What the task asks. If a line below contains the string "that", copy it out.

Data.
+ + + + +

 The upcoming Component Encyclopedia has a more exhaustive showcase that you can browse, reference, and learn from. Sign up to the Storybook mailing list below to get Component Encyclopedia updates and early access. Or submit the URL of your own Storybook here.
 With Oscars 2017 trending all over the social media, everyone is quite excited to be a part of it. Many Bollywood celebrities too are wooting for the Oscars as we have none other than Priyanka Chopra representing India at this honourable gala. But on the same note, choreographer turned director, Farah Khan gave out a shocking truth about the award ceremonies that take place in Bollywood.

+ + + + +

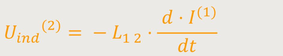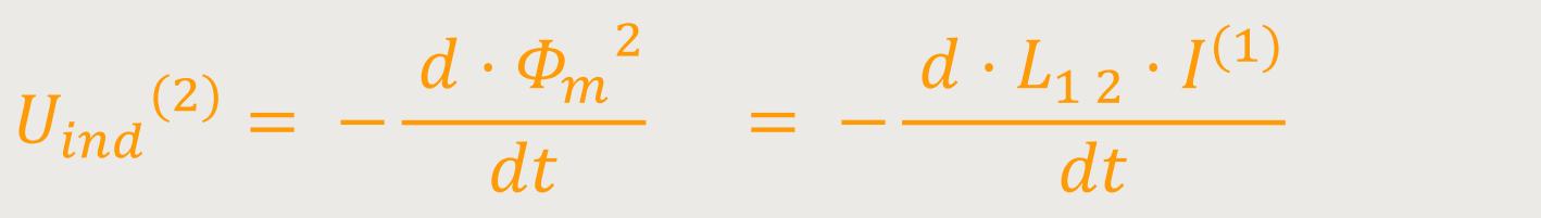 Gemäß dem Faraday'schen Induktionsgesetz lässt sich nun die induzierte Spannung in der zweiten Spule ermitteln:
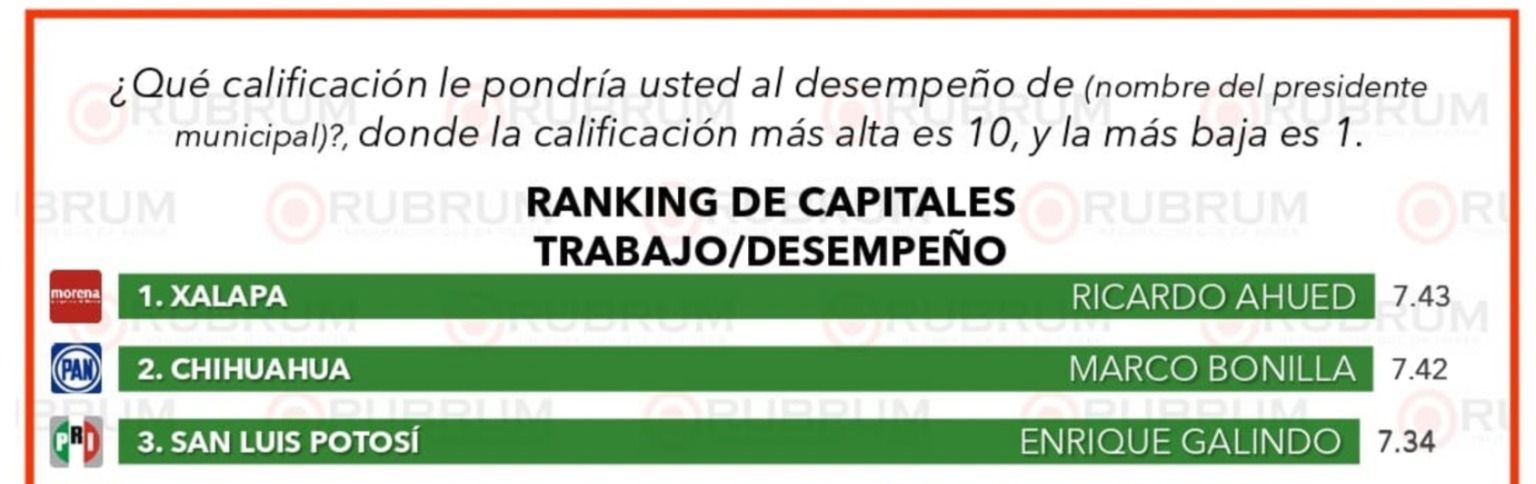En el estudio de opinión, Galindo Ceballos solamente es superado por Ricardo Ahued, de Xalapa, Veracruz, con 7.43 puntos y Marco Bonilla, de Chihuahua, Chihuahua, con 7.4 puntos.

+ + + + +

Answer box.
 The upcoming Component Encyclopedia has a more exhaustive showcase that you can browse, reference, and learn from. Sign up to the Storybook mailing list below to get Component Encyclopedia updates and early access. Or submit the URL of your own Storybook here.
 With Oscars 2017 trending all over the social media, everyone is quite excited to be a part of it. Many Bollywood celebrities too are wooting for the Oscars as we have none other than Priyanka Chopra representing India at this honourable gala. But on the same note, choreographer turned director, Farah Khan gave out a shocking truth about the award ceremonies that take place in Bollywood.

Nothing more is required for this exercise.